# Exercise details
Without copying any picture, transcribe exactly the lines of the data below from the one containing "6月17日,无锡市水利局在定" through the one containing "雙饗丼的月見牛丼使用鮮度和部".

[[ Input data, beginning ]]

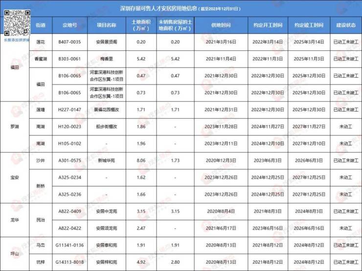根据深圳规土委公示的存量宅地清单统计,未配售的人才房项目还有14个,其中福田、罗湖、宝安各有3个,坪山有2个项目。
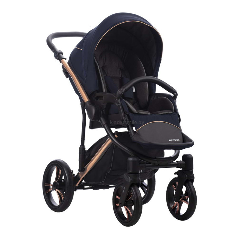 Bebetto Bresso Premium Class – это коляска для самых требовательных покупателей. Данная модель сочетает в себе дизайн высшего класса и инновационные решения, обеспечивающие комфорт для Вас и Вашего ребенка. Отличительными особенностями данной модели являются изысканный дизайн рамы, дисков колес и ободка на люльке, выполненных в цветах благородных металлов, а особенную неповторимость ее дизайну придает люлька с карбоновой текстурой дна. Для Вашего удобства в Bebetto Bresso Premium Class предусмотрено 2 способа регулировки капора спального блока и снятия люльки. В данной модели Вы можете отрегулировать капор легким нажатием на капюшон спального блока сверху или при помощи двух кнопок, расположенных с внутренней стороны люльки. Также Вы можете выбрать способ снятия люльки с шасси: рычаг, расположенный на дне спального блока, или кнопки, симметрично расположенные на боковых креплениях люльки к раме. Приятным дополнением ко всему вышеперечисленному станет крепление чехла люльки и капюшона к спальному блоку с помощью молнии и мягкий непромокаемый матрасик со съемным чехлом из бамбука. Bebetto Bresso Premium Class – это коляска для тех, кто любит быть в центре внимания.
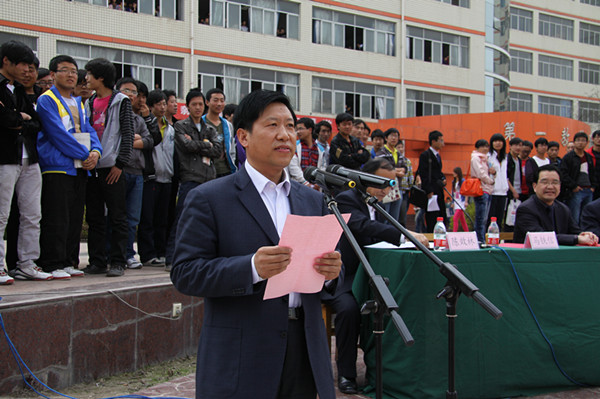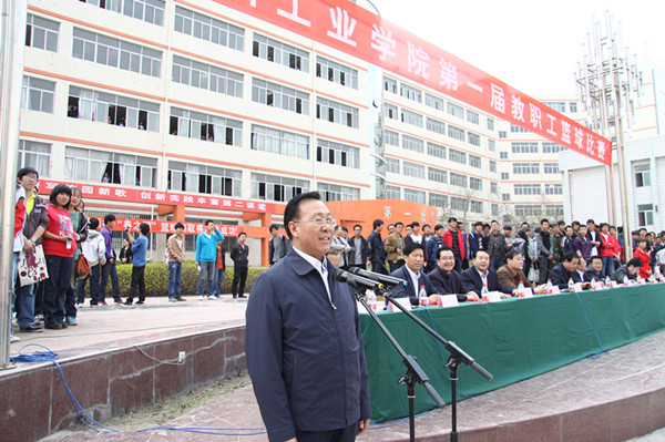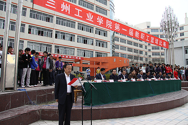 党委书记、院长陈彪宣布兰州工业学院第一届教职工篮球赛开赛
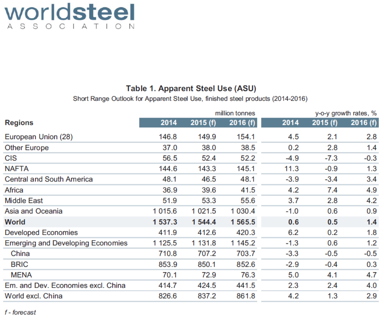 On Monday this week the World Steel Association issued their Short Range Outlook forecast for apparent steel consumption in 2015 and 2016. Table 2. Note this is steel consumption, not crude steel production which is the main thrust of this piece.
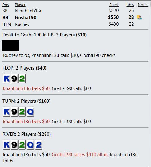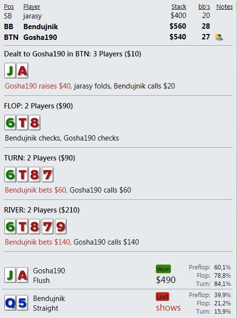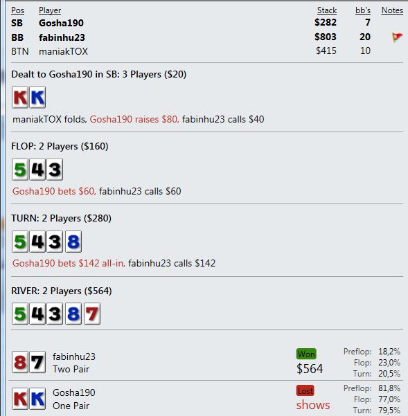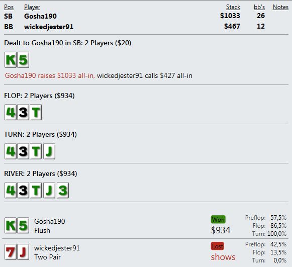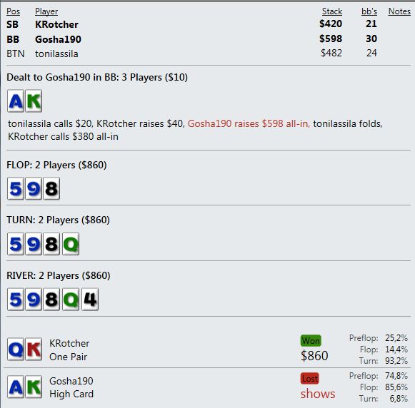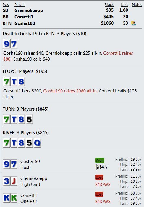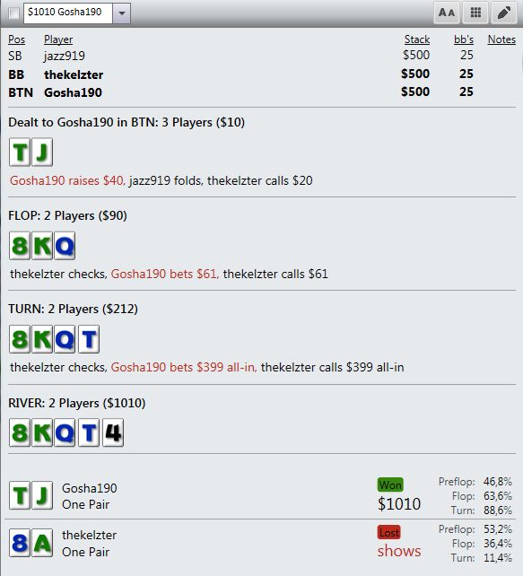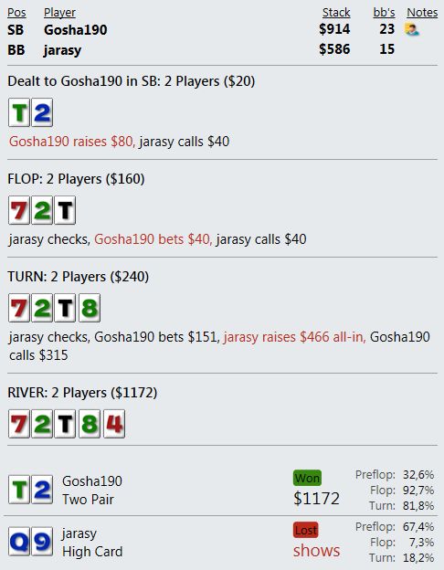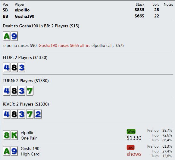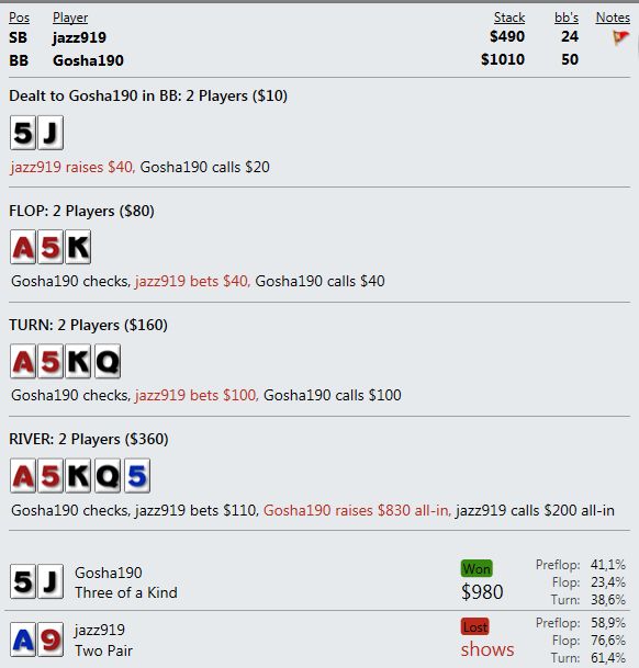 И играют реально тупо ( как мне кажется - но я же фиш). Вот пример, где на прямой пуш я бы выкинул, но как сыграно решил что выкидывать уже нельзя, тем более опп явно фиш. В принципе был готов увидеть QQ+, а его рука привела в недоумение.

[[ Input data, end ]]
[[ Input data, beginning ]]

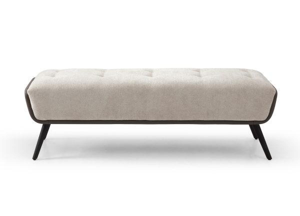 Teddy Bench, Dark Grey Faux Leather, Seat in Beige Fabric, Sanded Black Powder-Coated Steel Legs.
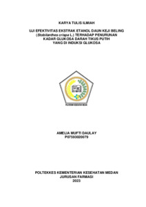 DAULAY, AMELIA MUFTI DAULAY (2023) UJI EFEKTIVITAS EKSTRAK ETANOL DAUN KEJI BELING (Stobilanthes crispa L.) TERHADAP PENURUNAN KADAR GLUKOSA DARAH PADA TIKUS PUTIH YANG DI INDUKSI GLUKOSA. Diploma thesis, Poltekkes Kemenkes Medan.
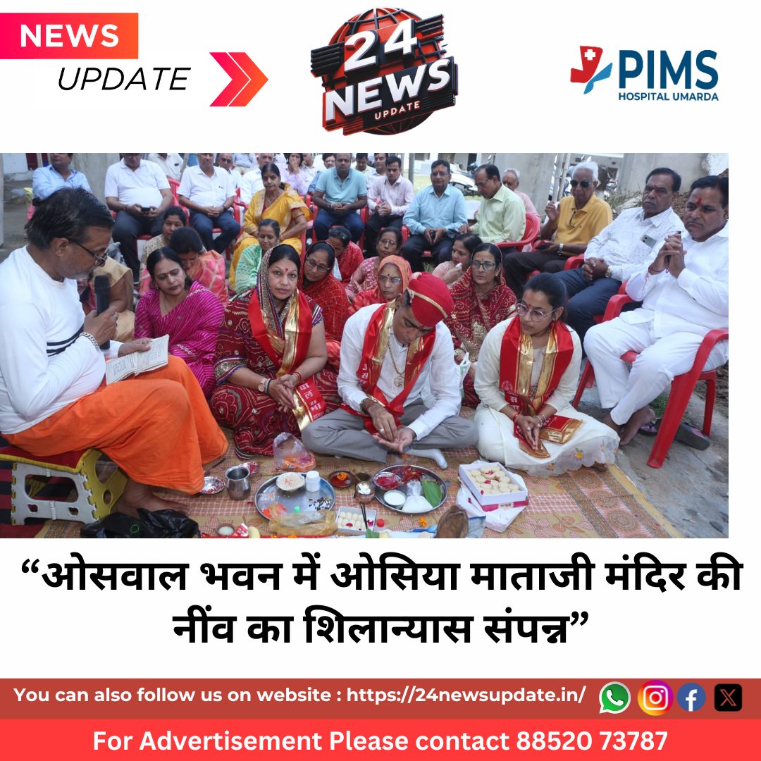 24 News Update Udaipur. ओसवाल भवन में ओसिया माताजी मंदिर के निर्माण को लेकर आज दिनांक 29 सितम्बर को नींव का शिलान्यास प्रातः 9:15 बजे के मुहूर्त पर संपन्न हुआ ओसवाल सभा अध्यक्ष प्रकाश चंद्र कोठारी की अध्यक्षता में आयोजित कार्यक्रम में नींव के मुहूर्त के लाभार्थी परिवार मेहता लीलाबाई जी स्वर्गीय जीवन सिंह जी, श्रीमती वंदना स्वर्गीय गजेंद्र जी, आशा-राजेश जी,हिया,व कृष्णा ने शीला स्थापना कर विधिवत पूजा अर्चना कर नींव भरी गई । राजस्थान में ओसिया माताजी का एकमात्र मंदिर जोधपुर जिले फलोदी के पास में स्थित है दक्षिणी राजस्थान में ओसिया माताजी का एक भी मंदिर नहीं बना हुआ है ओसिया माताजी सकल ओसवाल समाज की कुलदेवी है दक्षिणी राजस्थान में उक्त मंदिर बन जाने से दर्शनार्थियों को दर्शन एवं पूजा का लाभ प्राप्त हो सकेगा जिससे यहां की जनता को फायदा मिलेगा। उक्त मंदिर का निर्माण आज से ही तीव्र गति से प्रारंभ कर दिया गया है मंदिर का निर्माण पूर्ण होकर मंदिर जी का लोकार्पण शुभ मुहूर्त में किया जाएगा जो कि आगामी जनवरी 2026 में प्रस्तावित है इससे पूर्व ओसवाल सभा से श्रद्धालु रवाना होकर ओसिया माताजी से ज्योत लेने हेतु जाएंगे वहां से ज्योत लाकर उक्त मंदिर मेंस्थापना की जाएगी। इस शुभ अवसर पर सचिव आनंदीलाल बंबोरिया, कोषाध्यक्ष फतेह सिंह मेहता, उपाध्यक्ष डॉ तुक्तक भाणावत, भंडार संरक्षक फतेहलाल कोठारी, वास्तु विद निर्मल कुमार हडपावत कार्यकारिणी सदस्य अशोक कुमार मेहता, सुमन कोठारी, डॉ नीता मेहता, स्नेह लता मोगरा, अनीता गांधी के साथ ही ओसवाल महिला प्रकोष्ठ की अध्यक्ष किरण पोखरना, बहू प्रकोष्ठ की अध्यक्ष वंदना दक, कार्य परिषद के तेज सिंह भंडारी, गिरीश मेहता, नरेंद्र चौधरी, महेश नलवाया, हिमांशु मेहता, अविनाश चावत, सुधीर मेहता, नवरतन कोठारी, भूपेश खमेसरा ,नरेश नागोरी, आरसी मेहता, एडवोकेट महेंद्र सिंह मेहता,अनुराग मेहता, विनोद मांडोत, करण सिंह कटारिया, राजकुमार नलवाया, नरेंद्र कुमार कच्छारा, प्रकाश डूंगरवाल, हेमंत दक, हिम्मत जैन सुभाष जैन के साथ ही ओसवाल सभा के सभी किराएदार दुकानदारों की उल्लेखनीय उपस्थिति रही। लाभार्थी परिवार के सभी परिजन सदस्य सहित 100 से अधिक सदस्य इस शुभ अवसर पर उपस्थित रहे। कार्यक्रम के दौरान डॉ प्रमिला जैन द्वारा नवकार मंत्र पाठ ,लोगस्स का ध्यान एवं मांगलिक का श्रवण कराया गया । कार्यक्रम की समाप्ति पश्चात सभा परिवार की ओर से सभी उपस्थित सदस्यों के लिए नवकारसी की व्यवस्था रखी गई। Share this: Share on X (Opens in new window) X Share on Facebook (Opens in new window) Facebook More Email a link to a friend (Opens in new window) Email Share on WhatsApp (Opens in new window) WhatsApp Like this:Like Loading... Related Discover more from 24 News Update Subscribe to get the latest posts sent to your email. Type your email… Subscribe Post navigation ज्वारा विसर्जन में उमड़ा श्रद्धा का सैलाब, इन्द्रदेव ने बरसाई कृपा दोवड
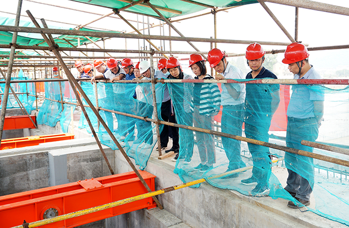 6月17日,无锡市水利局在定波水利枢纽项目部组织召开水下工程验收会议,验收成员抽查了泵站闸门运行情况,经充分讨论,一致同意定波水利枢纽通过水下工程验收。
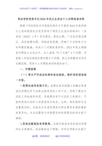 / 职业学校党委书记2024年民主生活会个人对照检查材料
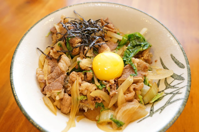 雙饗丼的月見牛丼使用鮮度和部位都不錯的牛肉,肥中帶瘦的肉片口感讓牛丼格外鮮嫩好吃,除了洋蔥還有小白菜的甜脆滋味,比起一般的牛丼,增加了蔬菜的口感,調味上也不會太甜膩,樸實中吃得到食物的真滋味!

[[ Input data, end ]]

# Response area
 6月17日,无锡市水利局在定波水利枢纽项目部组织召开水下工程验收会议,验收成员抽查了泵站闸门运行情况,经充分讨论,一致同意定波水利枢纽通过水下工程验收。
 / 职业学校党委书记2024年民主生活会个人对照检查材料
 雙饗丼的月見牛丼使用鮮度和部位都不錯的牛肉,肥中帶瘦的肉片口感讓牛丼格外鮮嫩好吃,除了洋蔥還有小白菜的甜脆滋味,比起一般的牛丼,增加了蔬菜的口感,調味上也不會太甜膩,樸實中吃得到食物的真滋味!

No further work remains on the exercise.